Binance’s General Counsel Tackles Major Legal Obstacles in the Crypto Industry

Binance’s General Counsel Eleanor Hughes tackles major challenges, from disputes in Nigeria to strict US monitoring, following a $4.3 billion penalty and CEO change.

Jun 23, 2024 - 12:00
Jun 23, 2024 - 12:00
Binance’s General Counsel Tackles Major Legal Obstacles in the Crypto Industry
Binance’s General Counsel Tackles Major Legal Obstacles in the Crypto Industry

Eleanor Hughes, General Counsel for Binance, deals with a range of significant issues, from disputes with Nigerian officials to strict scrutiny by US regulators following a landmark plea agreement. This agreement resulted in a $4.3 billion penalty and the incarceration of co-founder Changpeng “CZ” Zhao due to lapses that allowed criminal activities on the platform.

Describing her role, Hughes called it one of the most fascinating in the legal field, facing new challenges daily.

“We believe that Binance has overcome some really significant challenges in the last six months and we’ve shown ourselves to be a very resilient business despite everything that’s happened,” Hughes stated in an interview.

US Regulatory Supervision

Hughes, who joined Binance in 2021 and now leads a team of 80 lawyers, has seen many changes. Following Zhao’s resignation as CEO as part of the US settlement, Richard Teng took over leadership.

The exchange is now under the watchful eye of the Justice Department and the US Treasury’s Financial Crimes Enforcement Network for several years. Teng mentioned that the appointed monitors, Forensic Risk Alliance and Sullivan & Cromwell, have already begun their oversight duties.
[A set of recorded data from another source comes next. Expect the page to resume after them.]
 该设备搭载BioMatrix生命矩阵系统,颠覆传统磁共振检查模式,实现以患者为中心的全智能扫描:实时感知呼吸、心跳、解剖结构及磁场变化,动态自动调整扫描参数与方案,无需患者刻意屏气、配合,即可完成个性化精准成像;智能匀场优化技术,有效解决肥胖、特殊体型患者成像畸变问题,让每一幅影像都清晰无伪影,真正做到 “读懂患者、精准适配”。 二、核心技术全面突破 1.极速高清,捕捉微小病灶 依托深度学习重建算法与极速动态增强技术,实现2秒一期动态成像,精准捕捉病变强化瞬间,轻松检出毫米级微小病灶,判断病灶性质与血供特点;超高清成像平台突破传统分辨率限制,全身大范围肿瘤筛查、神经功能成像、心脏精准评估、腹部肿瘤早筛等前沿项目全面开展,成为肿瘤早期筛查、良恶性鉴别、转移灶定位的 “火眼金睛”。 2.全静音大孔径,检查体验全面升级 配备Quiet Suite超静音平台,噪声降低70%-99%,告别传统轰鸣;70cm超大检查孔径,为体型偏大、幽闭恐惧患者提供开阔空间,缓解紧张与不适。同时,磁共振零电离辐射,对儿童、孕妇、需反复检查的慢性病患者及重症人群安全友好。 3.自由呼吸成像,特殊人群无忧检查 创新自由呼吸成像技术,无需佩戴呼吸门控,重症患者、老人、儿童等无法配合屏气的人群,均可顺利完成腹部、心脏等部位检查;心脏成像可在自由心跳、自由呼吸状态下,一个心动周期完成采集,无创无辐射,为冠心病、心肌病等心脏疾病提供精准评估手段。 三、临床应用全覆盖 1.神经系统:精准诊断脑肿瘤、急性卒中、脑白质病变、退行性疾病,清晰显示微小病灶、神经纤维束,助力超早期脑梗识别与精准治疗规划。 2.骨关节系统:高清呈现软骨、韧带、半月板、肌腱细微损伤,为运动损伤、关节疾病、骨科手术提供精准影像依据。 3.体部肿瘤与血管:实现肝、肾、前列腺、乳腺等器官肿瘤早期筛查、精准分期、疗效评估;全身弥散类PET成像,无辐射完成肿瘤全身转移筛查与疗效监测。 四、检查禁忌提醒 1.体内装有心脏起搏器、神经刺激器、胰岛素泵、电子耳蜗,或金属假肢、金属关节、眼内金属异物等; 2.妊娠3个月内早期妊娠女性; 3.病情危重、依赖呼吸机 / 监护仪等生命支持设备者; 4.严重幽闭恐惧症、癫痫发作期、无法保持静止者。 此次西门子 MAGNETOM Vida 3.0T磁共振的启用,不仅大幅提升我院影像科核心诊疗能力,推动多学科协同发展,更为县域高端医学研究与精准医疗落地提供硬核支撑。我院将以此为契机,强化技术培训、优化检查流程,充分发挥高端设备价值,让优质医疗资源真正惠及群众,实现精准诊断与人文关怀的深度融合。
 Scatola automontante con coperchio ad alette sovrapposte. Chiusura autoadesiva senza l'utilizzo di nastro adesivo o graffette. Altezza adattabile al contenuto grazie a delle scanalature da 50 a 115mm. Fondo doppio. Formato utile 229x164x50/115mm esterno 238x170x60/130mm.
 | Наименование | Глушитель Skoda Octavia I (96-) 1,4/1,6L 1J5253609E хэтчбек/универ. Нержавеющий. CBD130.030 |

To liaise with the monitors, Binance has formed an internal team led by Sally Molloy, a former deputy chief of the Justice Department’s Fraud Section. Molloy’s experience includes overseeing post-resolution compliance, according to a spokesperson.

Nigerian Dispute

In February, Nigerian authorities detained two Binance employees, including US citizen Tigran Gambaryan, the head of financial crime compliance at Binance. While another employee, Nadeem Anjarwalla, managed to escape, Gambaryan remains in custody in Abuja despite some charges being dropped. US lawmakers have accused Nigeria of holding him hostage, a claim denied by the Nigerian government.

Binance’s issues in Nigeria began before this, as the authorities had previously blocked cryptocurrency channels amid efforts to curb speculation against the naira. Hughes noted that Binance had reached out to the Nigerian Securities and Exchange Commission twice but received no response.

Operational Adjustments

Under Teng's leadership, Binance has made several changes, such as tightening requirements for listing new digital tokens and spinning off its venture arm. However, the company has not yet established a global headquarters or released a fully audited set of accounts.
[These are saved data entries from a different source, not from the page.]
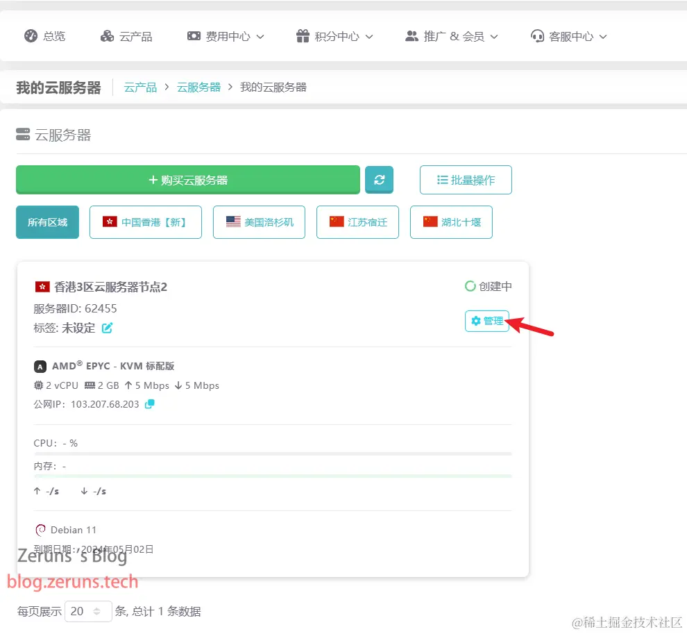 购买后即可在我的云服务器这里看到你买的云服务器,点击管理。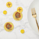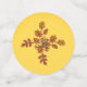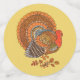 Ce confetti de table a de grands cercles jaunes dorés avec une dinde mâle avec plumes d'automne et feuilles d'automne. Le cercle moyen est un jaune plus brillant avec des feuilles d'automne colorées et de petits cercles ont un mélange de jaunes dorés.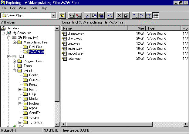 - Click on the folder name WAV Files in the Folders pane to display the contents of the folder in the Files pane. Note that the files Chimes.wav and Ding.wav are now present.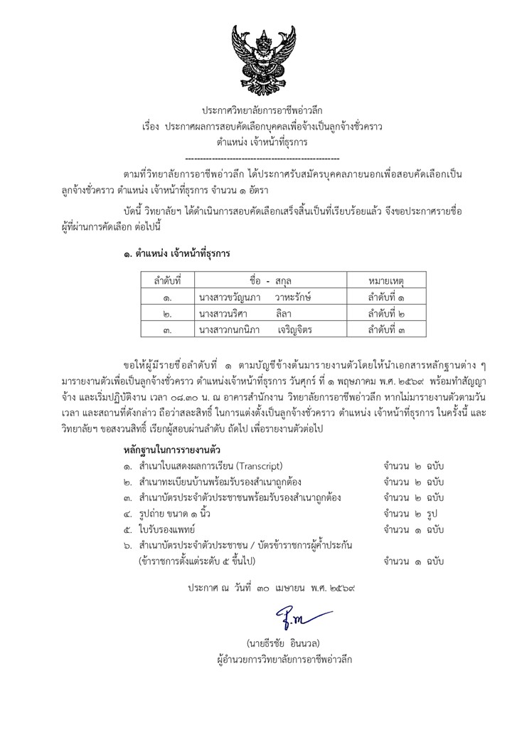 ประกาศ...ประกาศผลการสอบคัดเลือกบุคคลเพื่อจ้างเป็นลูกจ้างชั่วคราว ตำแหน่งเจ้าหน้าที่ธุรการ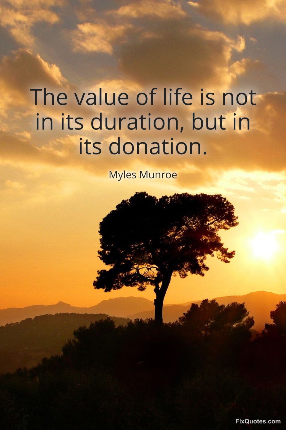 Munroe, Myles. (2026, February 16). The value of life is not in its duration, but in its donation. FixQuotes. https://fixquotes.com/quotes/the-value-of-life-is-not-in-its-duration-but-in-185573/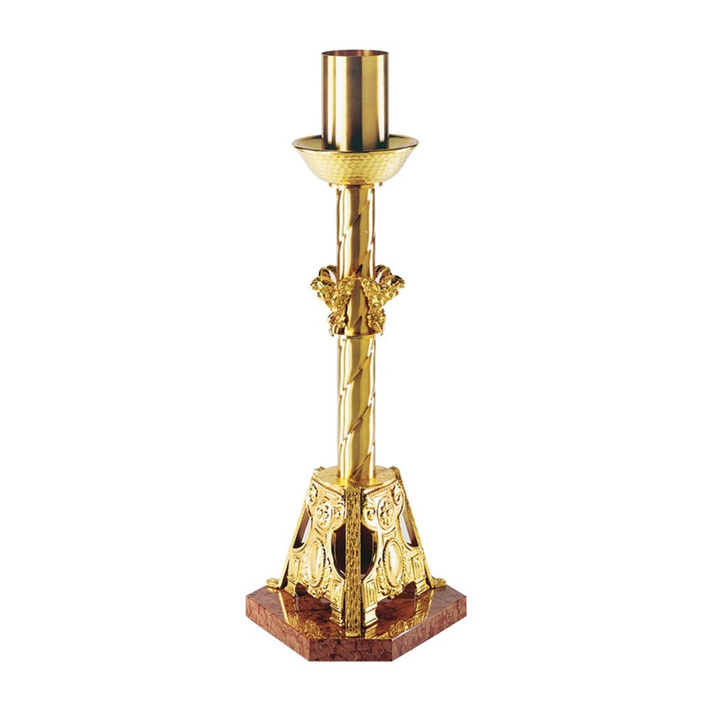 Paschal candle stand in brass and marble with risen Christ decoration.

“It’s obviously very difficult for crypto businesses as a whole to engage with third-party auditors, because a lot of them have taken the decision that they won’t engage with any digital-asset or crypto firms,” Hughes said. “That is causing us a little bit of delay.”

Expansion and Compliance Efforts

Binance employs over 5,000 staff, and customer assets on the platform have grown by $42 billion in 2024 as the crypto market rallied. The company is also making strides in markets where it previously faced regulatory challenges.
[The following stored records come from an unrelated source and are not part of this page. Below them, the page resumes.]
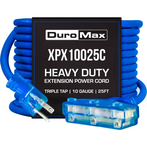 DuroMax Heavy Duty Triple Tap Extension Power Cord, SJEOOW, 10 Gauge, 15A, 120V, 25'L, Blue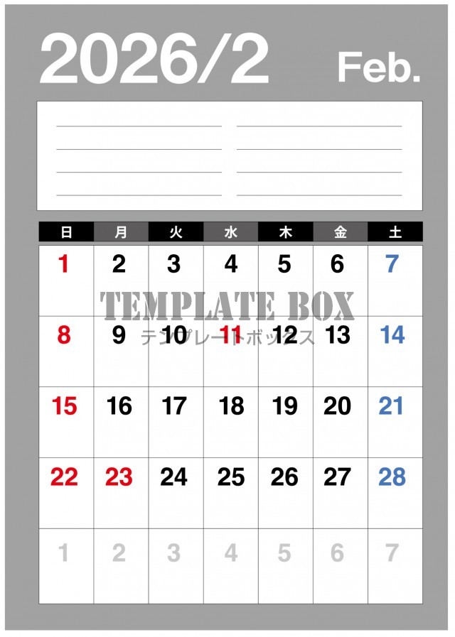 無料テンプレート:2026年2月カレンダー:縦型モノクロメモ欄付きカレンダー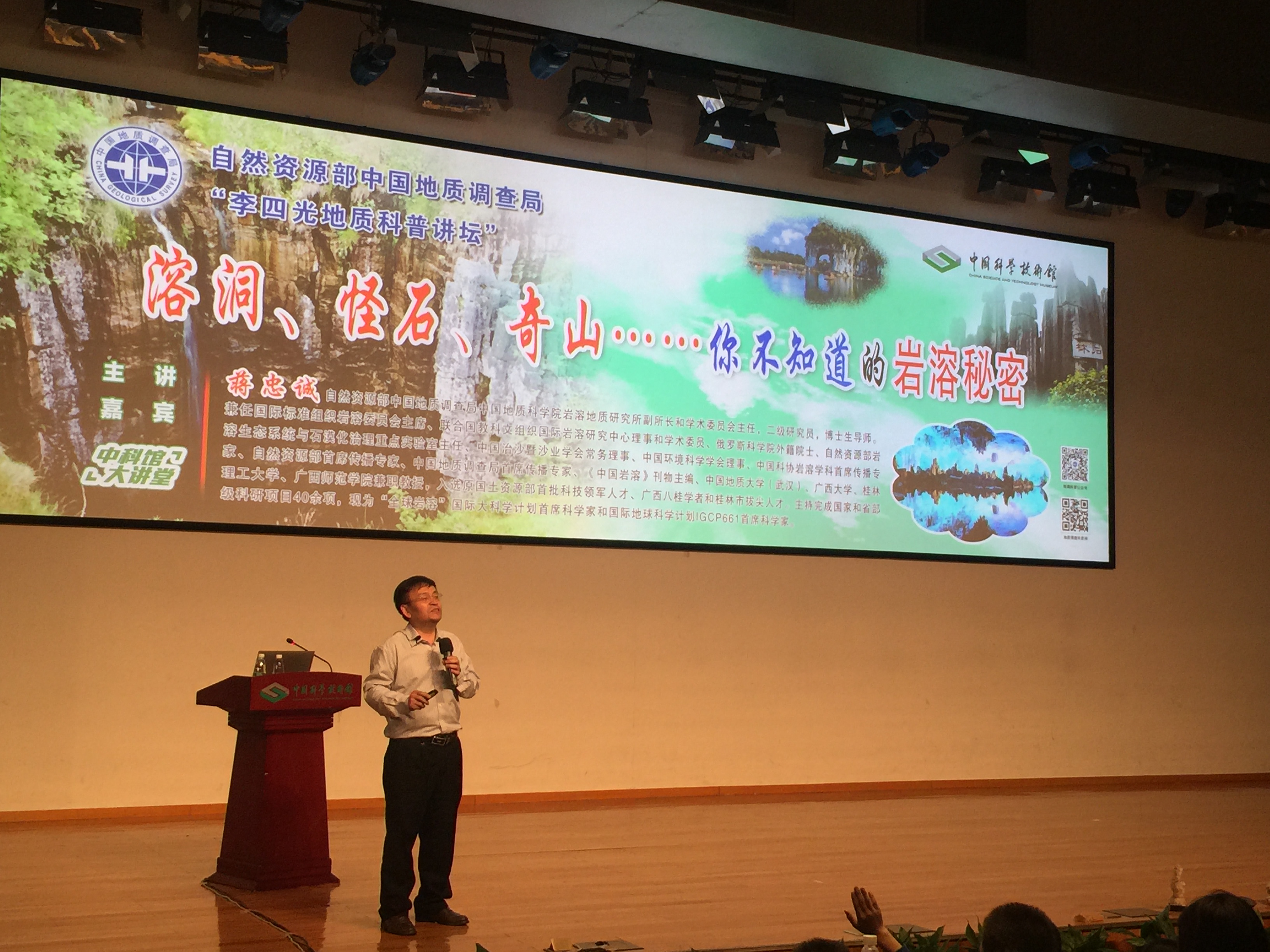 4月21日,由自然资源部中国地质调查局与中国科学技术馆联合主办,中国地质调查局地学文献中心、中国地质调查局中国地质科学院岩溶地质研究所承办的“李四光地质科普讲坛(第六期)”暨中科馆大讲堂在中国科学技术馆成功举行。岩溶所蒋忠诚研究员做题为了“溶洞、怪石、奇山……你不知道的岩溶秘密”主题讲座。地调局相关人员及现场中小学生和家长等近300人参加了此次活动。

In India, Binance registered with the Financial Intelligence Unit, taking a step toward resuming operations. Recently, the FIU imposed a penalty of 188.2 million rupees ($2.2 million) on Binance for non-compliance with anti-money laundering regulations.

In Thailand, the Gulf Binance Co. platform, a joint venture with Gulf Energy Development, began operations this year after receiving the necessary permits. In 2021, the Thai securities regulator had filed a complaint against Binance for operating without a license.

Hughes emphasized Binance’s dedication to resolving past issues and working with regulators even in tough environments.

“We aim to clear those historic issues and collaborate with regulators even in very difficult jurisdictions,” Hughes concluded.